Any of these methods can be combined with Python’s Perl regular expressions for sophisticated filtering. The regular expression options are:
- regex: require the path, not including the directory, to match the expression
- nregex: require the path, not including the directory, to not match the expression
- wholeregex: require the full path to match the expression
- nwholeregex: require the full path to not match the expression
Another way to filter is using with type:
- type=”f”: matches files
- type=”d”: matches directories
- When unspecified, any kind of file system object will match
For more information, refer to the section Learning.
Actions
The action element is a child of the option element.

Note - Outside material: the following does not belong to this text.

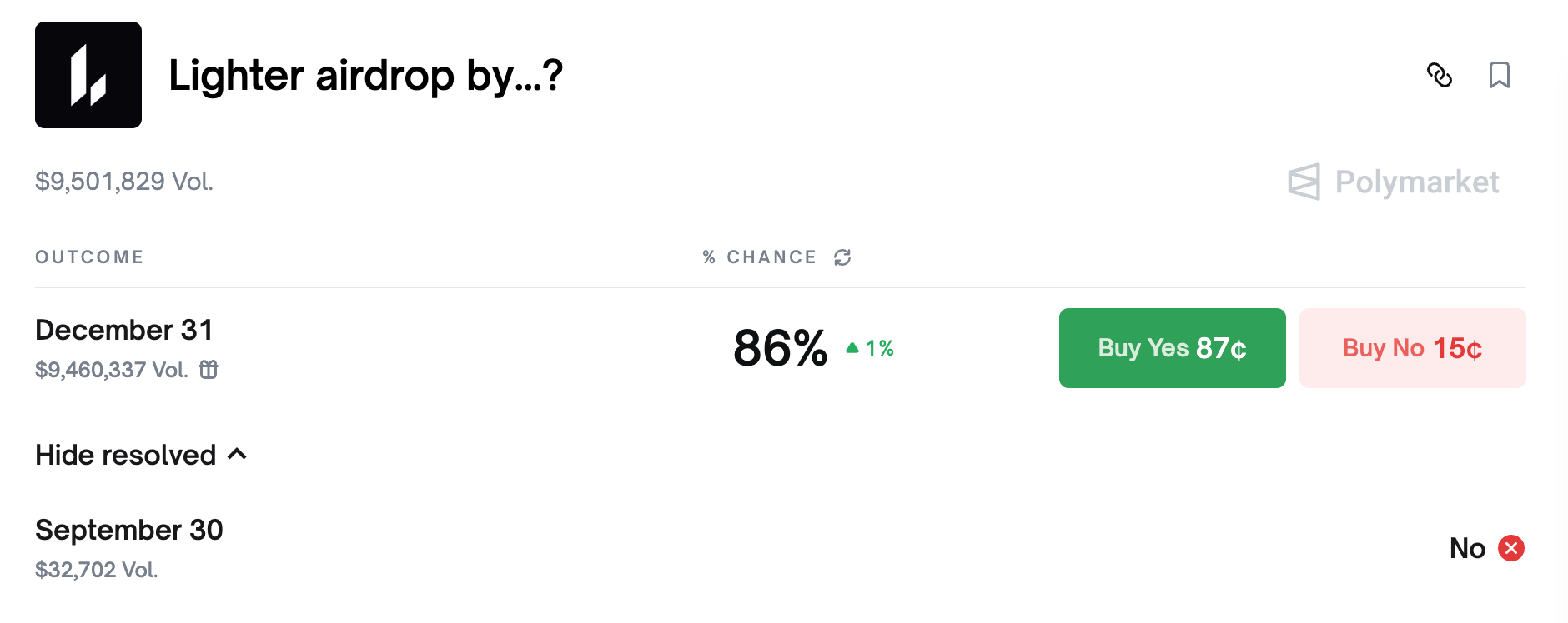 Amid rising community anticipation, the odds that Lighter’s airdrop will occur before the end of the year have been climbing on the prediction market Polymarket, with $9.5 million in volume backing bets that it will take place by Dec. 31.

Values for the comand attribute of the action element:
- apt.autoclean
- apt.autoremove
- chrome.autofill
- chrome.databases_db
- chrome.favicons
- chrome.history
- chrome.keywords
- delete: delete a file
- ini: delete part of a .ini configuration file
- json: delete part of a JSON file
- mozilla_url_history
- office_registrymodifications: clean the MRU for OpenOffice.org and LibreOffice
- process: launch a process
- sqlite.vacuum: vacuum an SQLite 3 database
- truncate: truncate a file
- win.shell.change.notify
- winreg: delete a Windows registry key or value
- yum.clean_all
Actions take an optional os attribute to limit the action to certain operating systems.
Operating system
The optional attribute os limits the scope of an element to certain operating systems.
Supported elements are
- action
- cleaner
- running
- value under var
Valid values for os are:
- bsd
- darwin
- linux
- netbsd
- openbsd
- unix: Darwin, Linux, or any BSD
- windows
Running process
Set the running element to abort cleaning when an application is running. It accepts two attributes:
- type: required, either: exe for process name or pathname for a file on the file system
- os: optional, any value for the operating system
Variables
BleachBit supports expansion of a variety of variables: tilde (home), environment variables, and multi-value variables. For more information, see Variables.
Sharing your cleaner
Of course, you may use your cleaner privately. If you wish to share it with others, see Contribute Cleaner.